初速を高め、それを維持せよ! ①「初速を高める」ことについて、

日本山岳耐久レースで優勝するためにはなにが必要か?
優勝とまではいかずとも、上位を取るにはどうするべきか?
といった問いは、私にとって、究極の課題でした。

優勝できる能力が、登山の実践にとって好ましいものであるならば、登山を志す私も日々のトレーニングをその方向に持ってゆかねばならないからです。

優勝できるためには、浅間峠までの22キロを2時間30分以内で走りきれねばなりません・・そういうことを為し得る体力というものはどのような特質を備えているのか?そこに至るためには、どんなトレーニングが必要となるのか?・・これが、究極の課題でした。

そして、ここに掲げる幾つかの記事が私が得た答えです。
たいしたことは書いてありませんし、今までコメントなどで言及した内容に重複するものがありますが、ここにまとめて記載しておきます。

考えをまとめるにあたっては、小河内吉哉自衛官にいただいたヒントが大いに役に立ちました。感謝しています。今年の山耐では、ご同僚の奥宮俊祐自衛官が、優勝されますよう、心より応援させていただきます。

Ⅰ 基本的走力を高めること、5000m走でのタイムを速めること。最大酸素摂取量を極大化すること。そのために、上半身の贅肉を減らして、余分な筋肉を落とし、いわゆるランナー体型に近づけること。

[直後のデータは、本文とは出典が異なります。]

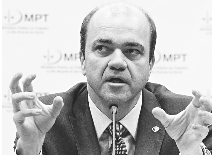
// Ronaldo Curado Fleury, procurador-geral do Trabalho

O procurador-geral do Trabalho foi categórico ao dizer que teme pelo resultado que a polêmica “Guararapes vs MPT” pode chegar.
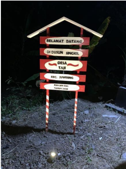
gambar 3 Pemasangan Plang Selamat Datang

Hasil dari program ini adalah tersedianya sarana petunjuk arah yang dapat membantu memudahkan warga desa dan pendatang dalam mencari lokasi sehingga meningkatkan aksesibilitas dan tertib lalu lintas di desa. Program ini juga mendorong partisipasi masyarakat dalam merawat fasilitas desa serta mempererat hubungan antara mahasiswa dan warga desa dalam kolaborasi pembangunan. Secara keseluruhan, program pembuatan petunjuk arah jalan desa ini menjadi kontribusi nyata dalam upaya pengembangan dan pelayanan publik di tingkat desa.
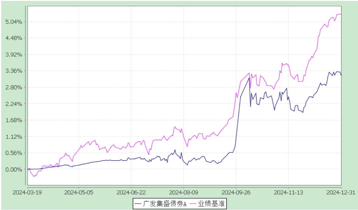
广发集盛债券型证券投资基金 累计净值增长率与业绩比较基准收益率的历史走势对比图 (2024 年 3 月 19 日至 2024 年 12 月 31 日)
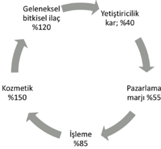
Şekil 2. Çemen Katma Değer Döngüsü
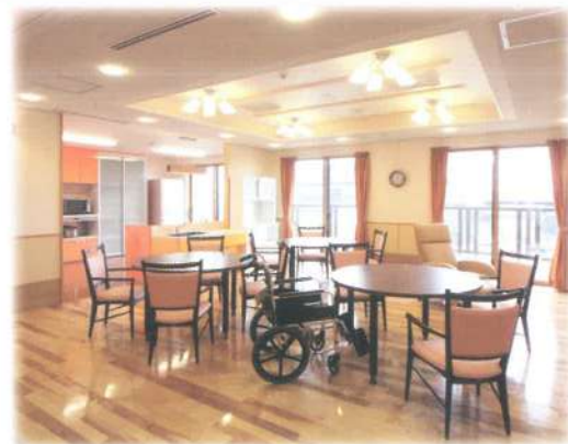
■洋風の『花みずき（はなみずき）』居間
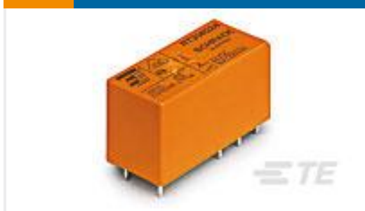
TE 产品编号2-1393243-4 RTE25524
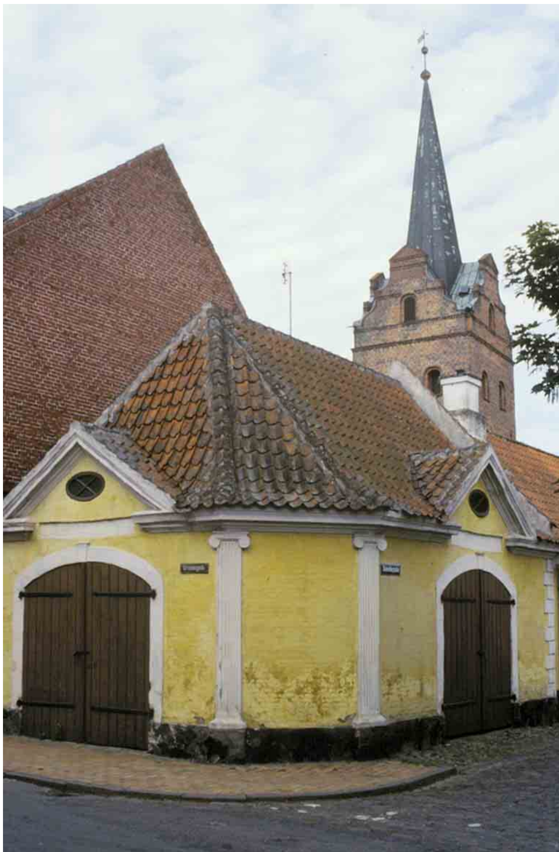
Byens sprøjtehus med dobbeltport og joniske pilastre.

Kortlægning og registrering af kulturmiljøer
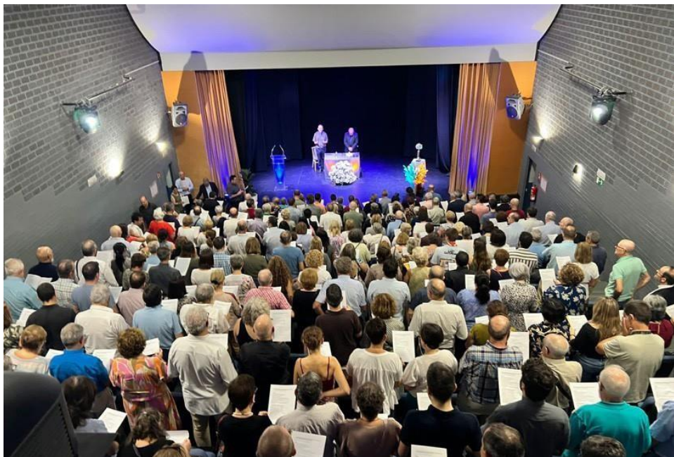
Auditorium du Colegio del Pilar de Valencia (Espagne). Photo de l'assemblée.

Tout le monde a eu la possibilité de recevoir des informations sur Faustino
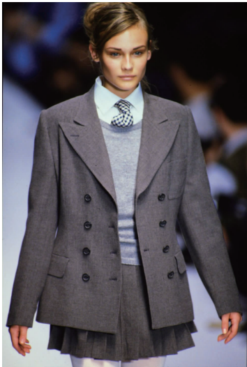
图 2 Gucci 1997 年春夏系列

花丛中的一抹粉红,不打眼却又不可缺。20 世纪 80 年代开始涌现出大量具有现代意识的职业女性,中性风格的女性服装逐渐出现 [11] ,这一时期的女性为打造出与以往不同的干练、成熟又时髦的形象,多选择极简主义风格的女性职业装,色彩沉稳低调(见图 2)。20 世纪 90 年代在极简主义风潮下,时尚界对粉红色的热情降低了 [12] 。
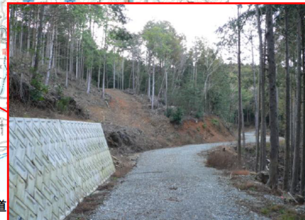
開設された林道と森林作業道
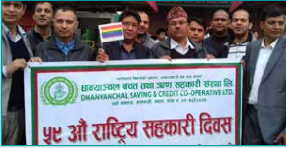
अन्तराष्ट्रिय सहकारीदिवसमा सहभागीता
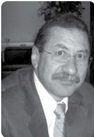
Imagem e realidade

Há alguns anos, propaganda de empresa de refrigerantes veiculada na mídia televisiva insistia que "sede é tudo, imagem não é nada". Pretendia certamente descaracterizar peça publicitária do concorrente que supervalorizava a imagem deixando em segundo plano a vontade do consumidor. No caso, a sede de consumir determinado produto. É muito conhecido também um adágio popular que diz "a mulher de César não basta ser honesta, tem que parecer honesta", cuja mensagem objetiva caracterizar que, muitas vezes, apesar de honesta e correta, essa mensagem nem sempre chega assim às outras pessoas.
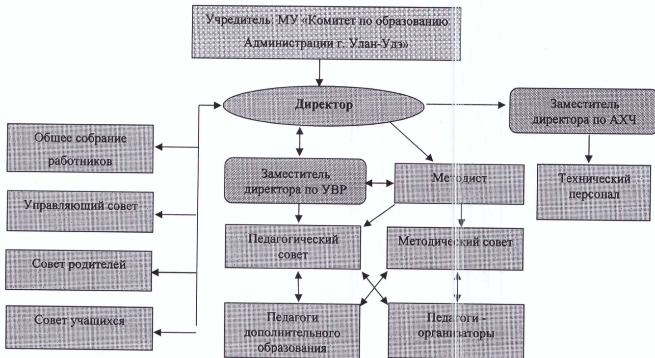
Схема структуры управления МБУ ДО ДЮЦ «Безопасное детство»

В Учреждении разработаны внутренние локальные акты:
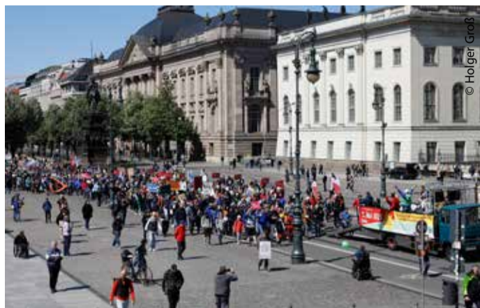
Es ging am Bebelplatz und der Museumsinsel vorbei.
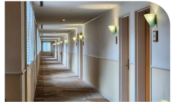
5F 客室階廊下 ※宿泊者専用階

駈がドアを開けるとバスローブ姿の教授が立っており、ジャムに不満を漏らすユーモラスな場面。
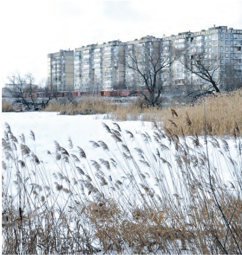
Микрорайон девятиэтажек накануне календарной весны.

У зимы сюрпризов, как всегда, хватает: То мороз зарядит, а то всё растает... Речку льдом сковало — тут тебе раздолье! А в местах проталин — диким уткам воля... Пусть февраль лютует — в нём уже усталость, До весны-красавицы чуточку осталось. Хоть ночами холод, зато днём — капели! Март уж на пороге, птицы вновь запели... Анна СПЕСИВЦЕВА.
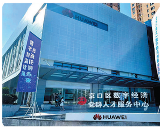
华为数字人才中心

5000mを15、16分で走りきれる者ならば、淡々と走って、コンスタントに2時間40分で浅間峠まで入れる。
この言葉は、小河内吉哉さん、奥宮俊祐さんお二人から伺い、確認した事実です。
振り返って、miyaさん kojikenさん などなど今年サブ12を目指す私の知り合いの方も、昨年の本番や、今年の試走で浅間峠まで3時間15分以内で入っています。ですので、この「5000mを15分、16分で走りきれるほどの走力を備えた選手であるならば、トレイルの技術を身につけることによって、さほど無理なく2時間40分で浅間峠に入れる。」というのは、かなりの信憑性がある事実であろうと考えます。

☆ こんな風にトレイルランにおいては「基本的走力を高める」ことが、すべての基礎なのです。

よって、①5000m走15分、16分台の基礎体力を養成して維持することが大前提となります。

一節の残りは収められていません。